JAVA Implementation of relative entropy (relative entropy or Kullback-Leibler divergence, KL distance) (1)

Source: Internet
Author: User
ArticleDirectory
    • Requirements:
    • Method:
    • Lab materials:
Information theory can be used for some simple natural language processing.

For example, relative entropy is used for classification or relative entropy is used to measure the gap between two random distributions. When two random distributions are the same, the relative entropy is 0. when the difference between two random distributions increases, the relative entropy of the device also increases. The following experiment aims at the difference in the horizontal probability distribution.

Test methods, requirements and material requirements:

1. extract any text to calculate the relative frequency of All characters in the text. Assume that these relative frequencies are the probabilities of these characters (that is, relative frequencies are used to replace probabilities );

2. Take another piece of text and calculate the probability of character distribution in the same way;

3. Calculate the KL distance of character distribution in two text segments;

4. For example (any two distributions of p and q are found), the KL distance is asymmetrical, that is, d (P // q )! = D (Q // P );

Method:

D (P // q) = sum (p (x) * log (p (x)/Q (x ))). P (x) and Q (x) are two probability distributions.

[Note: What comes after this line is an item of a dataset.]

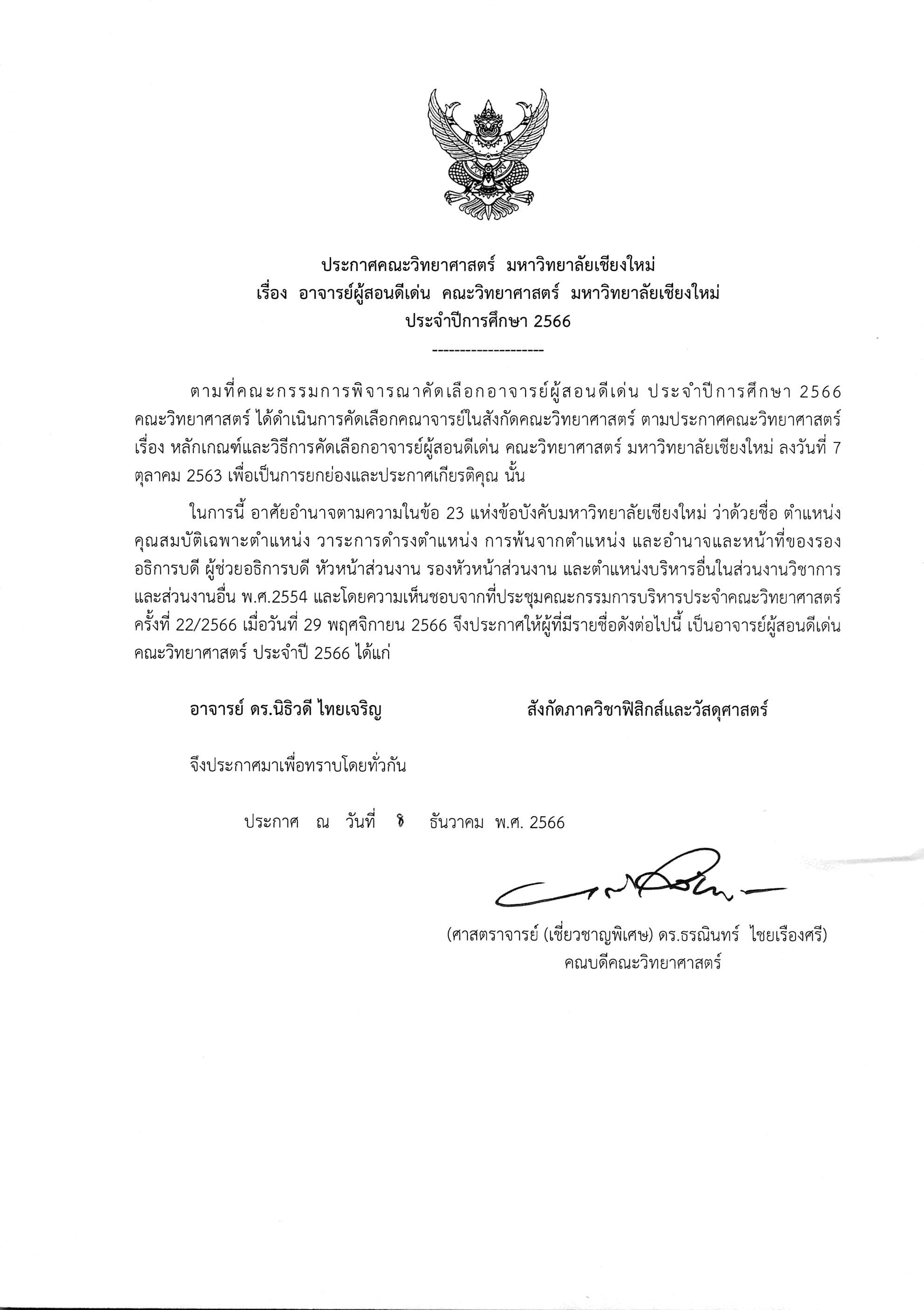 คณะวิทยาศาสตร์ขอแสดงความยินดีกับอาจารย์ที่ได้รับคัดเลือกเป็นอาจารย์ผู้สอนดีเด่น คณะวิทยาศาสตร์ ประจำปีการศึกษา 2566
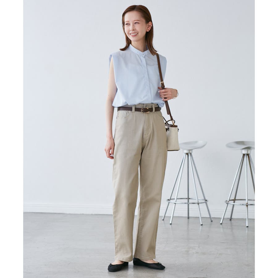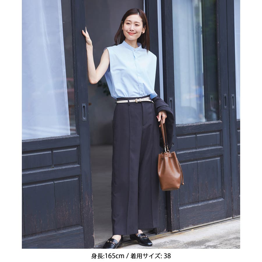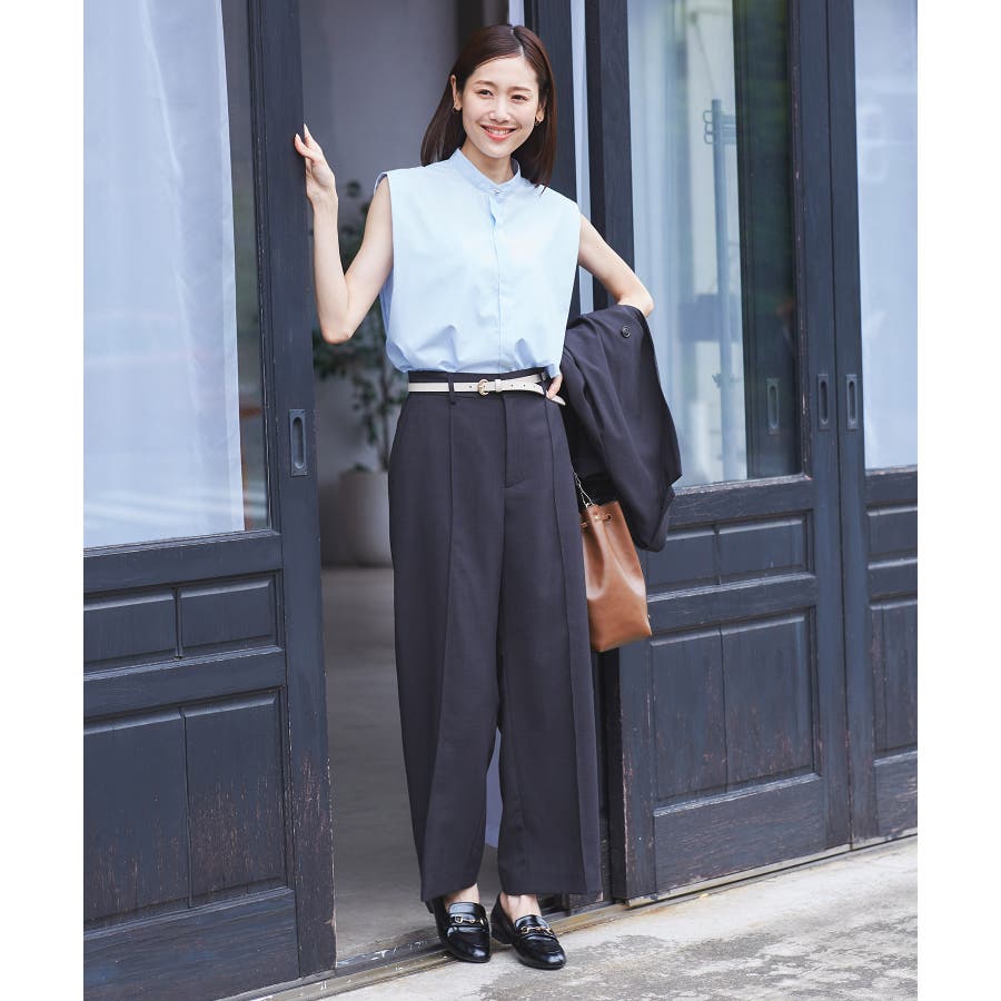・タックパンツでウエストをインでオフィスカジュアル/通勤スタイルに。

0 * log (0/Q (x) = 0; p (x) * log (p (x)/0) = infinity;

Lab materials:

The two news articles extracted from Phoenix news are:

What exactly does small reunion leak Zhang Ailing? " Secret " ?

Small reunion: a dream of Zhang Ailing

《 1945 Mao Zedong and Chiang Kai-Chiang's secret intelligence war before the Chongqing Summit

the encoding of the three news is UTF-8, the size is around 11 K, are multi-page news.

 

 

 

 

From the above we can clearly see that both the first news and the second news are about Zhang Ailing's book "small reunion", and the third news is about the civil war between China and the Communist Party of China, obviously, the probability distribution similarity between the first news and the second news is large, so is the experiment result like this? Let's keep our eyes open and wait.

Related Article

Contact Us

The content source of this page is from Internet, which doesn't represent Alibaba Cloud's opinion; products and services mentioned on that page don't have any relationship with Alibaba Cloud. If the content of the page makes you feel confusing, please write us an email, we will handle the problem within 5 days after receiving your email.

If you find any instances of plagiarism from the community, please send an email to: info-contact@alibabacloud.com and provide relevant evidence. A staff member will contact you within 5 working days.

A Free Trial That Lets You Build Big!

Start building with 50+ products and up to 12 months usage for Elastic Compute Service

  • Sales Support

    1 on 1 presale consultation

  • After-Sales Support

    24/7 Technical Support 6 Free Tickets per Quarter Faster Response

  • Alibaba Cloud offers highly flexible support services tailored to meet your exact needs.